I recently saw the power of community in action.
I was away from my family in South Africa, traveling to teach in various Bible Schools and grace seminars. During my trip, my son began to suffer with asthma. We debated whether to take him in to the doctors, having treated this condition at home before. Finally, my wife took him in.
It was not long before we realized he would be admitted to the hospital with a case of pneumonia.
I was ten time zones away. How was my wife going to cope and still take care of our healthy son?
This is where community stepped in.
We had friends picking up our oldest (healthy) son, staying with him overnight, and eventually taking care of him for 2 days getting him to school and sports.
We had people offering to help with meals.
Still others went and sat with my youngest son in the hospital so my wife could run home to shower and change her clothes.
Countless text messages, multiple phone calls, and prayers from around the world went into this event.
As a helpless father stuck halfway around the world, I realized I was completely out of control (which is something I do not enjoy). Yet multiple times, I was brought to tears when considering the amount of friendship and support we received in our time of need. In our time of weakness, others were there to help us out.

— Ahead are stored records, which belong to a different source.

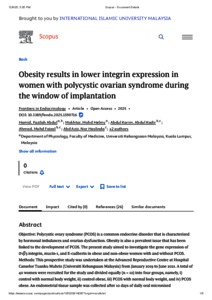 Abdul Hamid, Fazilah and Mokhtar, Mohd Helmy and Abdul Karim, Abdul Kadir and Ahmad, Mohd Faizal and Abd Aziz, Nor Haslinda and Abdul Wahab, Azantee Yazmie and Abu, Muhammad Azrai (2025) Obesity results in lower integrin expression in women with polycystic ovarian syndrome during the window of implantation. Frontiers in Endocrinology, 16 (-). pp. 1-7. ISSN 1664-2392
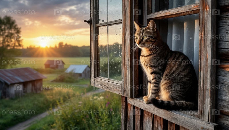 Кошка, сидящая на окне с видом на деревню на рассвете
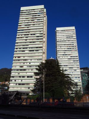 Ubicadas cerca del cerro de Monserrate y el centro fundacional, las torres representan la adaptación del estilo arquitectónico internacional en Colombia.
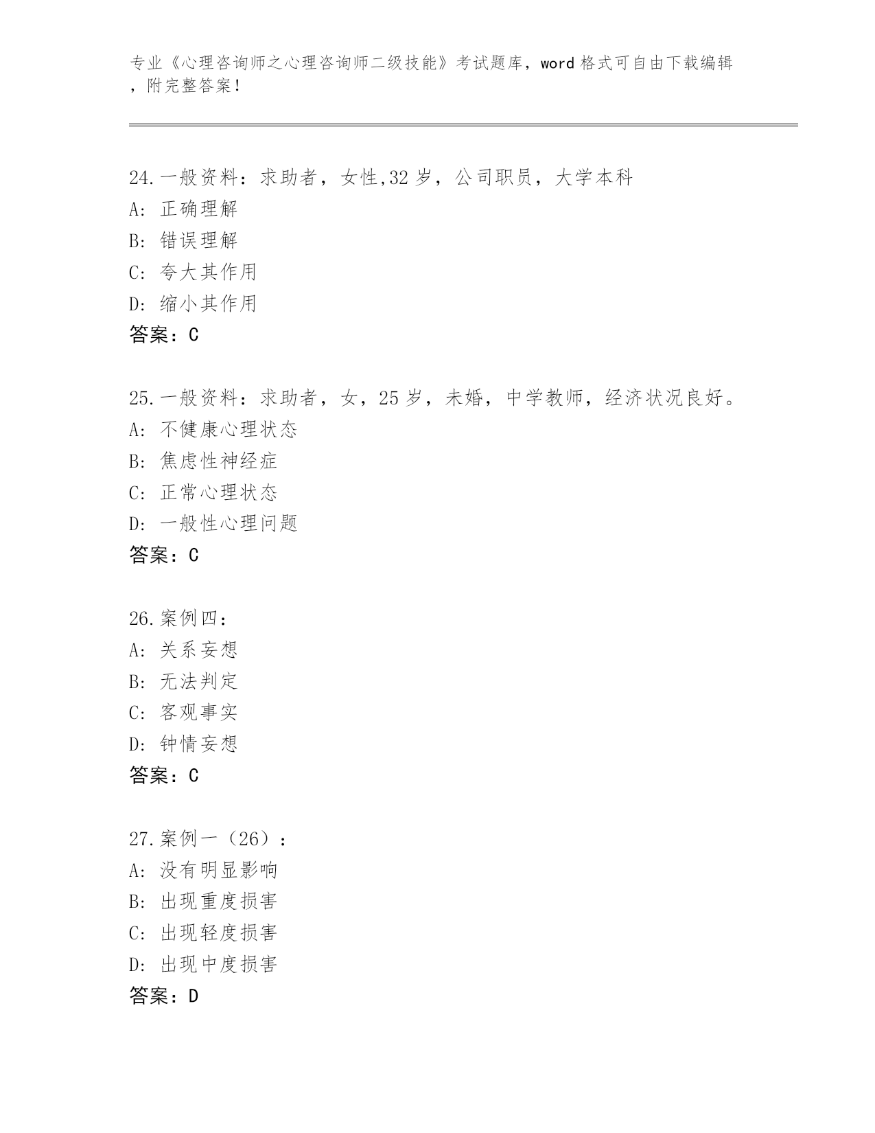 2024年黑龙江省孙吴县《心理咨询师之心理咨询师二级技能》考试(名校卷)

Hebrews 10:25 tells us, “not neglecting to meet together, as some are in the habit of doing, but encouraging one another, and all the more as you see the Day approaching.”
The Hebrews were tempted to renounce their faith and return to Judaism. While likely not facing this extreme of a challenge, we like the Hebrews need a support network around us.
While this passage is generally used in relation to gathering with a local church (which is a wonderful thing to do), even more it reflects the value of community. We need each other
John Donne penned the famous poem, “No Man is an Island.” Truer words have never been spoken. However in our societies we are becoming increasingly independent and self-sufficient.
God created humans to live together and help each other. It was not good for Adam to be alone, nor is it good for us to live in isolation.
I have to admit I did not value what I had in our community in South Africa, I had begun to grow callous and take it for granted. It took a crisis to reveal the amazing gift that friends and co-workers are.
How about you? Do you realize the need for community? How are you helping someone else receive the blessing of community?